_TASK REQUIREMENTS_: Copy out exactly the lines from the one containing "deli - حزمة" to the last line of the records below, both included, and leave out any pictures.

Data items
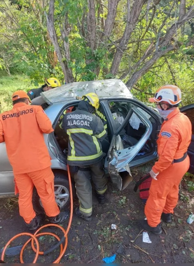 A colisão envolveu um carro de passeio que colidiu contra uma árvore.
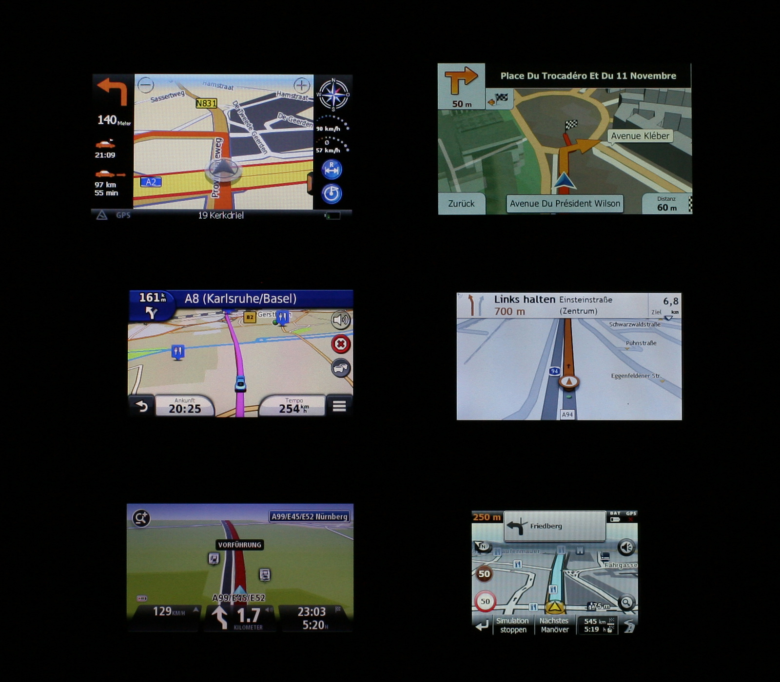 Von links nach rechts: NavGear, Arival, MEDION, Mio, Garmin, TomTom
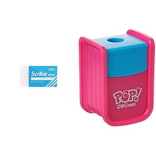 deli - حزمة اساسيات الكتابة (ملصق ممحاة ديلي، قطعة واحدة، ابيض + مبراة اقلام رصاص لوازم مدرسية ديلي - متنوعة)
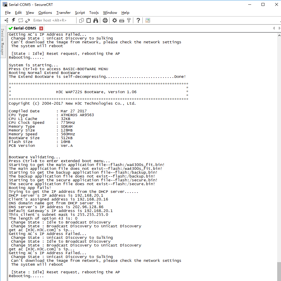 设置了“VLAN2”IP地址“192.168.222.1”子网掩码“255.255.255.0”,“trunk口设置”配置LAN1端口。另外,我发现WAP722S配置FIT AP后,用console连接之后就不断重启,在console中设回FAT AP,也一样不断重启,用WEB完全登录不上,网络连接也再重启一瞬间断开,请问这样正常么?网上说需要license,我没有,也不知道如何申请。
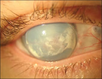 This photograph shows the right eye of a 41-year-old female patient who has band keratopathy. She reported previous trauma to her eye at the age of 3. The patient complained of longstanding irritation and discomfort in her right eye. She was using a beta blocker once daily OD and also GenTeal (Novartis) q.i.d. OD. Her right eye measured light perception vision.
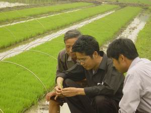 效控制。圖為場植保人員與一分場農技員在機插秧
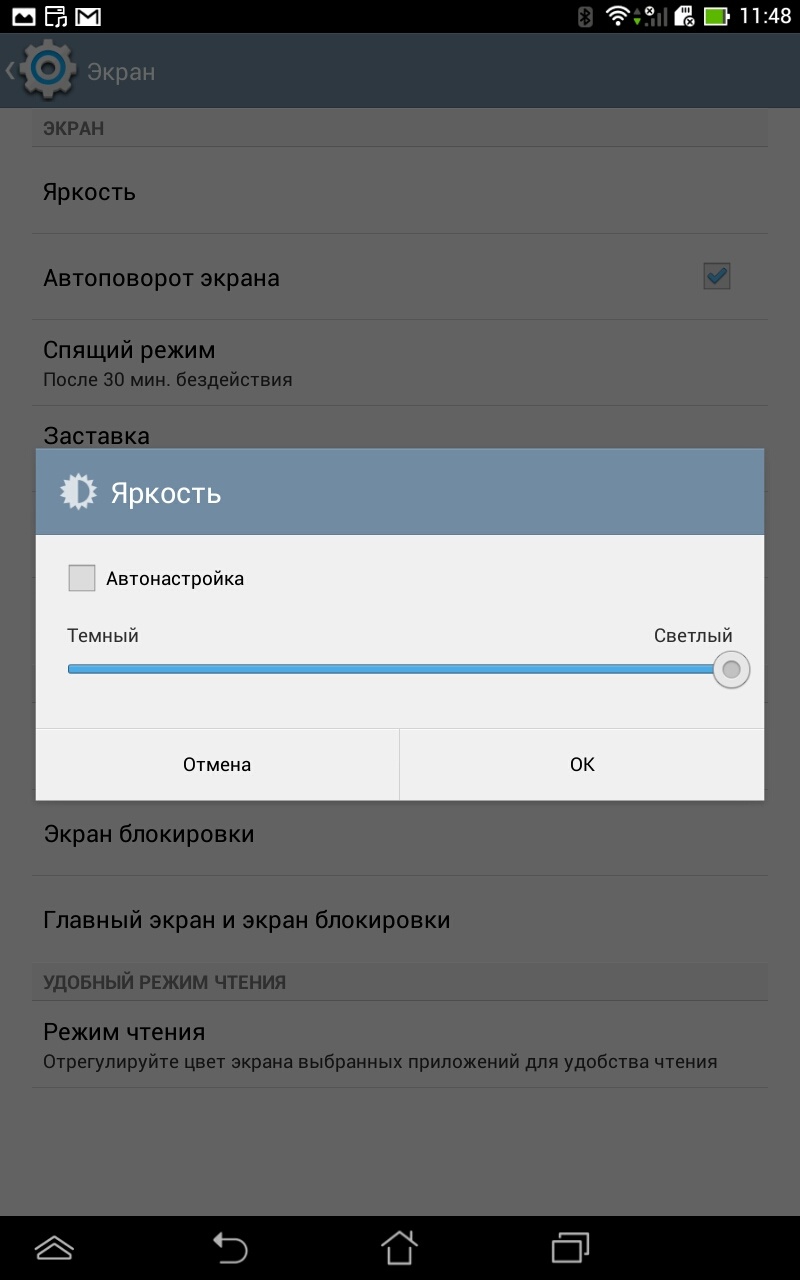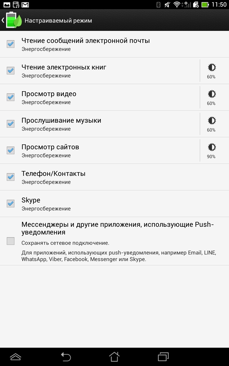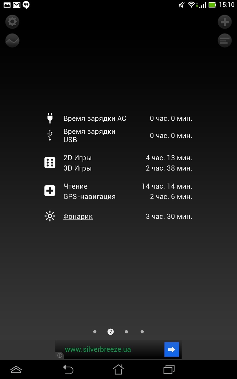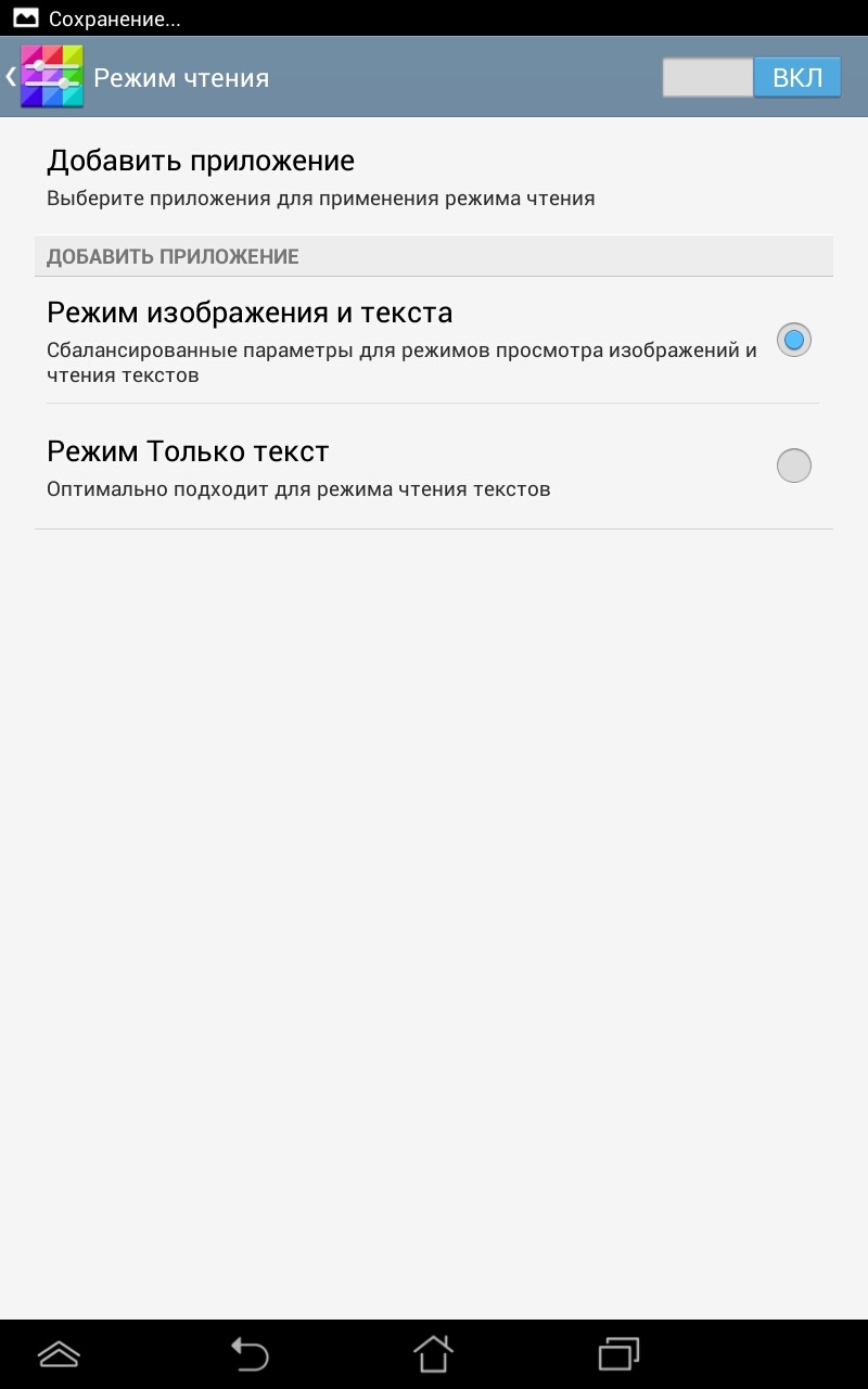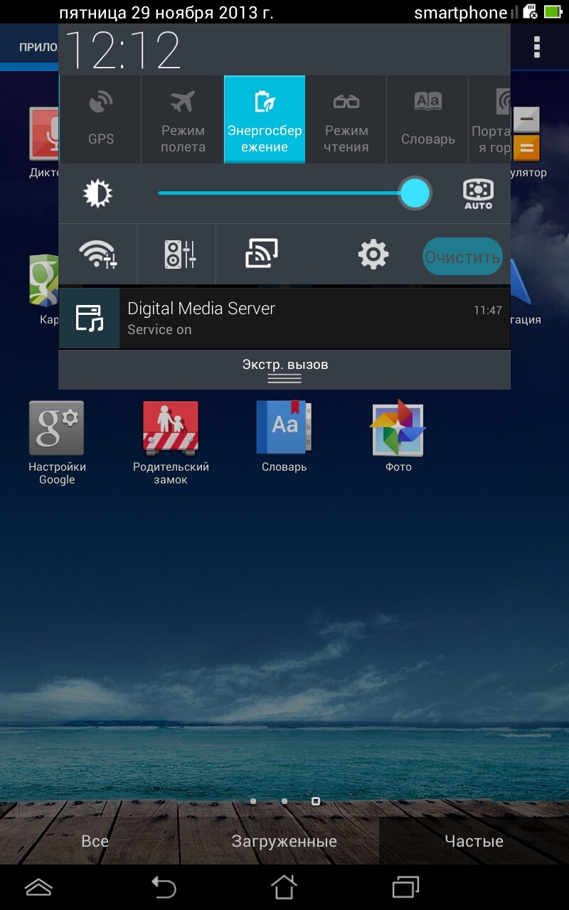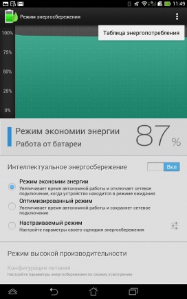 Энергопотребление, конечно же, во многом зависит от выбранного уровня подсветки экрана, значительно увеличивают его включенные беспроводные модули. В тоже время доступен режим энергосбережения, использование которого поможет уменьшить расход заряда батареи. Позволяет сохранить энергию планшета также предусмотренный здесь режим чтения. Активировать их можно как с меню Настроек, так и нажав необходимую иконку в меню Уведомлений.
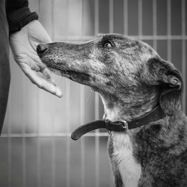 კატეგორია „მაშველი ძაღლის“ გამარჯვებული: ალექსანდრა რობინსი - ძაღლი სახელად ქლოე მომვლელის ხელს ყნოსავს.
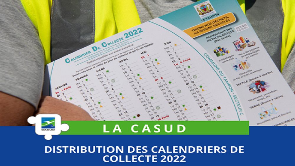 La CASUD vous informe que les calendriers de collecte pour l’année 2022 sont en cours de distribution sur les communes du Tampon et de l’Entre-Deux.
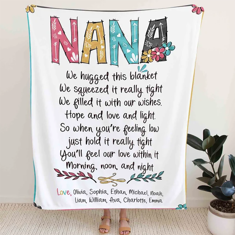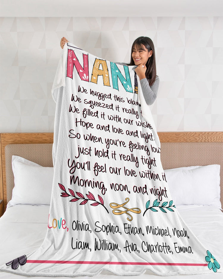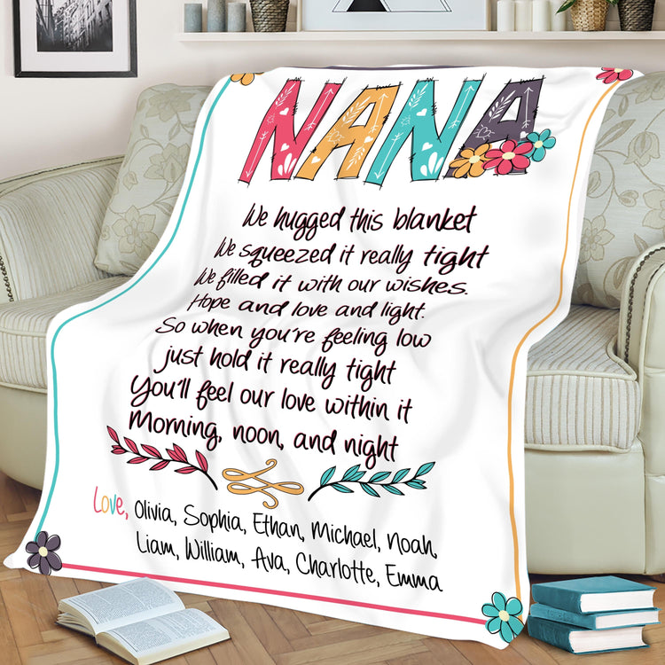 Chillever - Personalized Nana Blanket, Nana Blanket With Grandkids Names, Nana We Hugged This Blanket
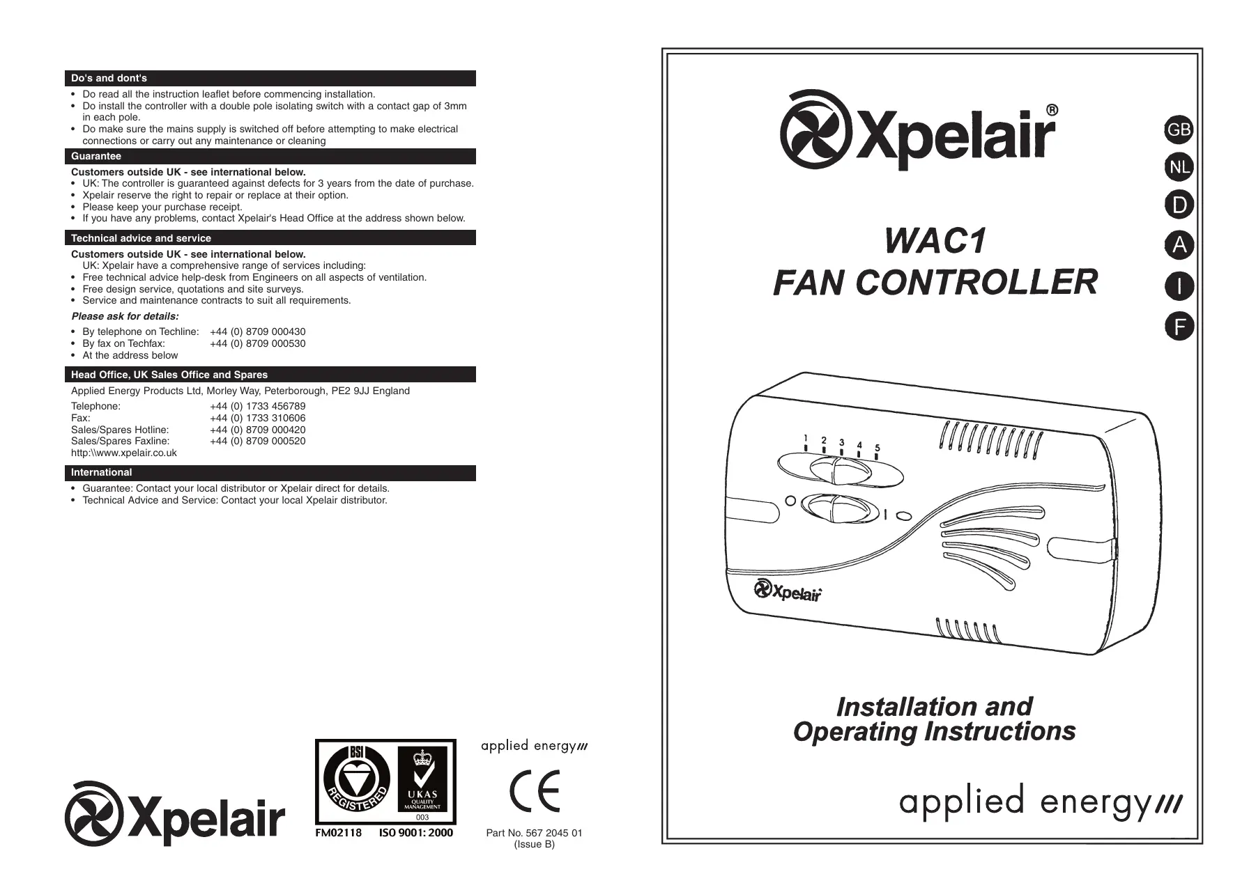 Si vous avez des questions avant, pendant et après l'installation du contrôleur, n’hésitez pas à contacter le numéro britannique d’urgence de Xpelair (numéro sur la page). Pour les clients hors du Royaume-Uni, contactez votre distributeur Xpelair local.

_TASK RESPONSE_:
 deli - حزمة اساسيات الكتابة (ملصق ممحاة ديلي، قطعة واحدة، ابيض + مبراة اقلام رصاص لوازم مدرسية ديلي - متنوعة)
 设置了“VLAN2”IP地址“192.168.222.1”子网掩码“255.255.255.0”,“trunk口设置”配置LAN1端口。另外,我发现WAP722S配置FIT AP后,用console连接之后就不断重启,在console中设回FAT AP,也一样不断重启,用WEB完全登录不上,网络连接也再重启一瞬间断开,请问这样正常么?网上说需要license,我没有,也不知道如何申请。
 This photograph shows the right eye of a 41-year-old female patient who has band keratopathy. She reported previous trauma to her eye at the age of 3. The patient complained of longstanding irritation and discomfort in her right eye. She was using a beta blocker once daily OD and also GenTeal (Novartis) q.i.d. OD. Her right eye measured light perception vision.
 效控制。圖為場植保人員與一分場農技員在機插秧
 Энергопотребление, конечно же, во многом зависит от выбранного уровня подсветки экрана, значительно увеличивают его включенные беспроводные модули. В тоже время доступен режим энергосбережения, использование которого поможет уменьшить расход заряда батареи. Позволяет сохранить энергию планшета также предусмотренный здесь режим чтения. Активировать их можно как с меню Настроек, так и нажав необходимую иконку в меню Уведомлений.
 კატეგორია „მაშველი ძაღლის“ გამარჯვებული: ალექსანდრა რობინსი - ძაღლი სახელად ქლოე მომვლელის ხელს ყნოსავს.
 La CASUD vous informe que les calendriers de collecte pour l’année 2022 sont en cours de distribution sur les communes du Tampon et de l’Entre-Deux.
 Chillever - Personalized Nana Blanket, Nana Blanket With Grandkids Names, Nana We Hugged This Blanket
 Si vous avez des questions avant, pendant et après l'installation du contrôleur, n’hésitez pas à contacter le numéro britannique d’urgence de Xpelair (numéro sur la page). Pour les clients hors du Royaume-Uni, contactez votre distributeur Xpelair local.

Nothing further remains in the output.